Step 1: Generate synthetic data with known feature structure

import numpy as np


def make_feature_selection_data(n_samples=500, seed=42):
    rng = np.random.RandomState(seed)

    x1 = rng.randn(n_samples)
    x2 = rng.randn(n_samples)
    x3 = rng.randn(n_samples)
    x4 = x1 + 0.1 * rng.randn(n_samples)
    x5 = x2 + 0.1 * rng.randn(n_samples)

    informative = np.column_stack([x1, x2, x3, x4, x5])

    correlated = np.column_stack([
        x1 * 0.9 + 0.1 * rng.randn(n_samples),
        x2 * 0.8 + 0.2 * rng.randn(n_samples),
        x3 * 0.7 + 0.3 * rng.randn(n_samples),
        x1 * 0.5 + x2 * 0.5 + 0.1 * rng.randn(n_samples),
        x2 * 0.6 + x3 * 0.4 + 0.1 * rng.randn(n_samples),
    ])

    noise = rng.randn(n_samples, 10) * 0.5

    X = np.hstack([informative, correlated, noise])
    y = (2 * x1 - 1.5 * x2 + x3 + 0.5 * rng.randn(n_samples) > 0).astype(int)

    feature_names = (
        [f"info_{i}" for i in range(5)]
        + [f"corr_{i}" for i in range(5)]
        + [f"noise_{i}" for i in range(10)]
    )

    return X, y, feature_names

We know the ground truth: features 0-4 are informative (plus 3 and 4 are correlated copies of 0 and 1), features 5-9 are correlated with informative features, features 10-19 are pure noise.
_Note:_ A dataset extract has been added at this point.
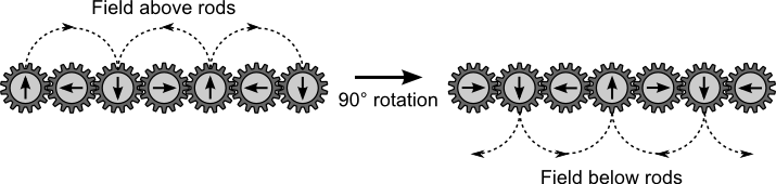 Schematic of a geared Halbach array consisting of magnetized rods. The field swaps from above to below the plane of the device when each rod is alternately rotated by 90 degrees.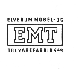 Another EMT signature from Olav Haug

A good selection method should rank 0-4 highest and 10-19 lowest.

Step 2: Variance threshold

def variance_threshold(X, threshold=0.01):
    variances = np.var(X, axis=0)
    mask = variances > threshold
    return mask, variances

Step 3: Mutual information (discrete)

def discretize(x, n_bins=10):
    min_val, max_val = x.min(), x.max()
    if max_val == min_val:
        return np.zeros_like(x, dtype=int)
    bin_edges = np.linspace(min_val, max_val, n_bins + 1)
    binned = np.digitize(x, bin_edges[1:-1])
    return binned


def mutual_information(X, y, n_bins=10):
    n_samples, n_features = X.shape
    mi_scores = np.zeros(n_features)

    y_vals, y_counts = np.unique(y, return_counts=True)
    p_y = y_counts / n_samples

    for f in range(n_features):
        x_binned = discretize(X[:, f], n_bins)
        x_vals, x_counts = np.unique(x_binned, return_counts=True)
        p_x = dict(zip(x_vals, x_counts / n_samples))

        mi = 0.0
        for xv in x_vals:
            for yi, yv in enumerate(y_vals):
                joint_mask = (x_binned == xv) & (y == yv)
                p_xy = np.sum(joint_mask) / n_samples
                if p_xy > 0:
                    mi += p_xy * np.log(p_xy / (p_x[xv] * p_y[yi]))
        mi_scores[f] = mi

    return mi_scores

Step 4: Recursive Feature Elimination

def simple_logistic_importance(X, y, lr=0.1, epochs=100):
    n_samples, n_features = X.shape
    w = np.zeros(n_features)
    b = 0.0

    for _ in range(epochs):
        z = X @ w + b
        pred = 1.0 / (1.0 + np.exp(-np.clip(z, -500, 500)))
        error = pred - y
        w -= lr * (X.T @ error) / n_samples
        b -= lr * np.mean(error)

    return w, b


def rfe(X, y, n_features_to_select=5, lr=0.1, epochs=100):
    n_total = X.shape[1]
    remaining = list(range(n_total))
    rankings = np.ones(n_total, dtype=int)
    rank = n_total

    while len(remaining) > n_features_to_select:
        X_subset = X[:, remaining]
        w, _ = simple_logistic_importance(X_subset, y, lr, epochs)
        importances = np.abs(w)

        least_idx = np.argmin(importances)
        original_idx = remaining[least_idx]
        rankings[original_idx] = rank
        rank -= 1
        remaining.pop(least_idx)

    for idx in remaining:
        rankings[idx] = 1

    selected_mask = rankings == 1
    return selected_mask, rankings

Step 5: L1 feature selection

def soft_threshold(w, alpha):
    return np.sign(w) * np.maximum(np.abs(w) - alpha, 0)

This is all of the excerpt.